I am 40 and single. I make 90k a year, I have 130k in total proceeds from the sale of my previous house I owned for 17 years which will go towards the down payment and initial repairs/upgrades with hopefully 10k to savings, and I have very good credit.
I cannot find a house I can afford. If it's less than 350k, it's either a complete disaster on the inside requiring 50k or more to make decent, it's under 1500 sq feet and very claustrophobic inside, it's a cheaply built house in a cookie cutter neighborhood that's already showing it's quality, or it has less than 2 full baths and a 1 car garage. Or the taxes in the area are over 7k a year.
And a LOT of the houses have the same gray vinyl flooring that's as ugly as it is cheap.
Your comment shows American relationship with space of their homes. I live in <1500 sq feet home with my girlfriend and I wouldn't call it claustrophobic.
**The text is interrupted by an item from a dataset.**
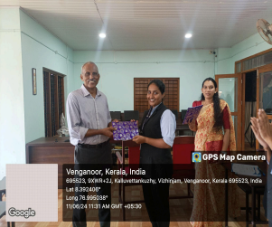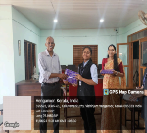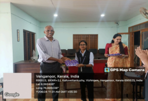 On 11 th june , 2024, honorable principal Dr. Joseph K A awarded the first and second semester A grade holders of 2022-2025 batch. A gathering of student body and faculty body of psychology department was held at psychology laboratory which commenced on timing of 11:30 to 11:45. Semester 1 A grade holders Gouri Krishna B L , Nandhini N K , Laya V Unni and Nandana N S were awarded with semester 2 toppers Laya V Unni.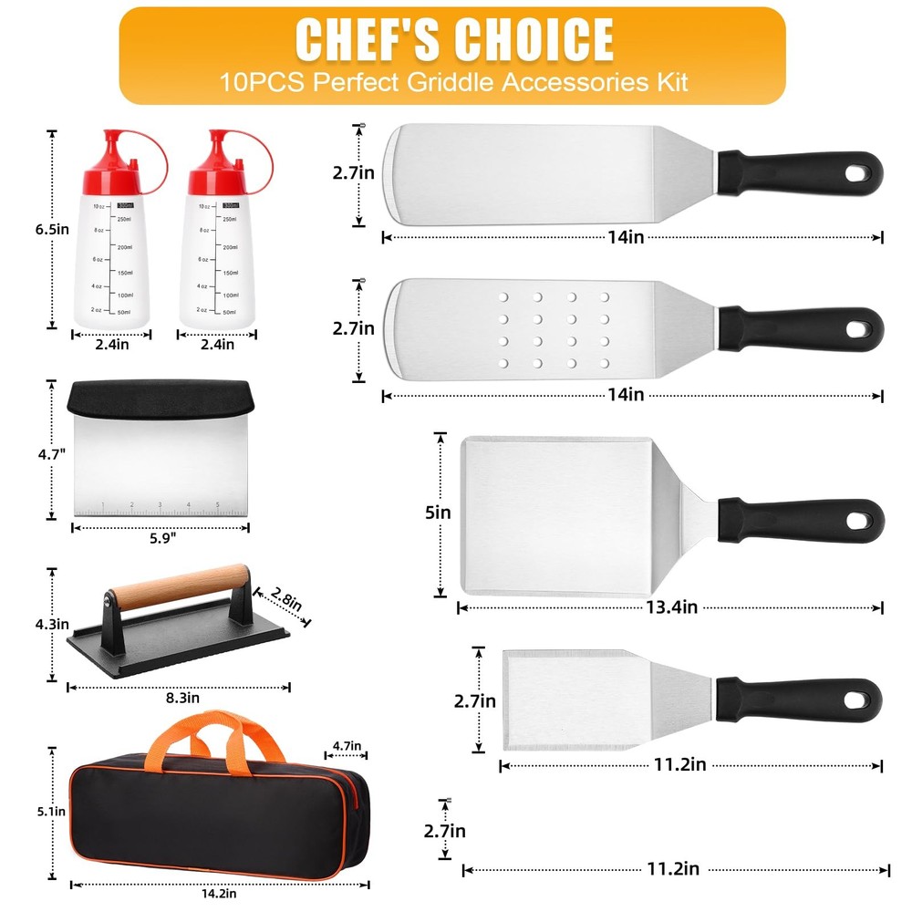 10PCS Blackstone Griddle Accessories Kit, Flat Top Grill Accessories Kit for BBQ and Camp Chef, Grill Spatula Set with Enlarged Griddle Spatula, Burger Press, Scraper for Outdoor BBQ Cooking Upgraded bbq accessories Kit:10 Pcs Premium blackstone grill accessories kit includes: 1 x Long Griddle Spatula,1 x Slotted Spatula, 1 x Graduated Chopping Scraper, 1 x Griddle Flipper, 1 x heavy-duty Grill Press, 1 x Extra Large Burger Turner, 1 x Storage Carry Bag,1 x Gift Box and 2 Sauce Bottles. This griddle spatula set is not only great for outdoor activities such as barbecue or camping, but also perfect for everyday cooking Premium Food-grade Materials:Compared with other stainless steel blackstone accessories kit, our flat top grill accessories made of professional food grade super thick rustproof stainless steel material, which is BPA free, heat-resistant, safer and more sturdy ensuring that you use griddle accessories kit for a longer period of time Necessary Grill Tools:This griddle spatula set helps you to grill as easily as a restaurant chef. Oversized griddle spatulas great for flipping beef cubes, fried egg, rice, noodle, and vegetables. The long griddle spatula can move large amounts of food quickly and accurately. Chopper/scraper to dice food and scrape griddles clean. Cast iron burger press can cook food fast and save cooking time Easy to Clean & Storage & Carry:The grill accessories are dishwasher safe, or easily wash by hand with water and soap, so you can enjoy a delicious barbecue with your friend without hassle. Come with a large capacity carrying bag to keep all the tools organized for storage and carry. Note: After washing the spatula and scraper, please make sure to dry them to avoid rust Best Gift Choice:Beautifully designed gift box quality packaging, which is perfect for gifting to barbecue enthusiasts, the stainless steel spatula set makes an excellent present for birthdays, holidays, housewarmings, and more. Bbq grill accessories can meet all the essentials of your daily backyard barbecue and raclette grill

It's really dependant on how the layout is. Generally 1500sqft isn't a problem however if it has 5 rooms squeezed into the house it begins feeling cramped especially if you have a large family. I have 1800sqft and the first floor has plenty of space but upstairs has a low ceiling (6.5ft) and about a 2ft wide hallway leading to 2 full bedrooms, a full sized bath, and a small guest room that's only slightly bigger than a broom closet. There isn't a way to have rooms downstairs so I consider my upstairs cramped but my overall living conditions fine. Now imagine a single floor utilizing that space needing just as many bedrooms and it begins getting cramped with the kitchen, living room, dining room.
I work in the development department of a city that's and enclave for the ultra-rich. Literally every household in the city is millionaires or better.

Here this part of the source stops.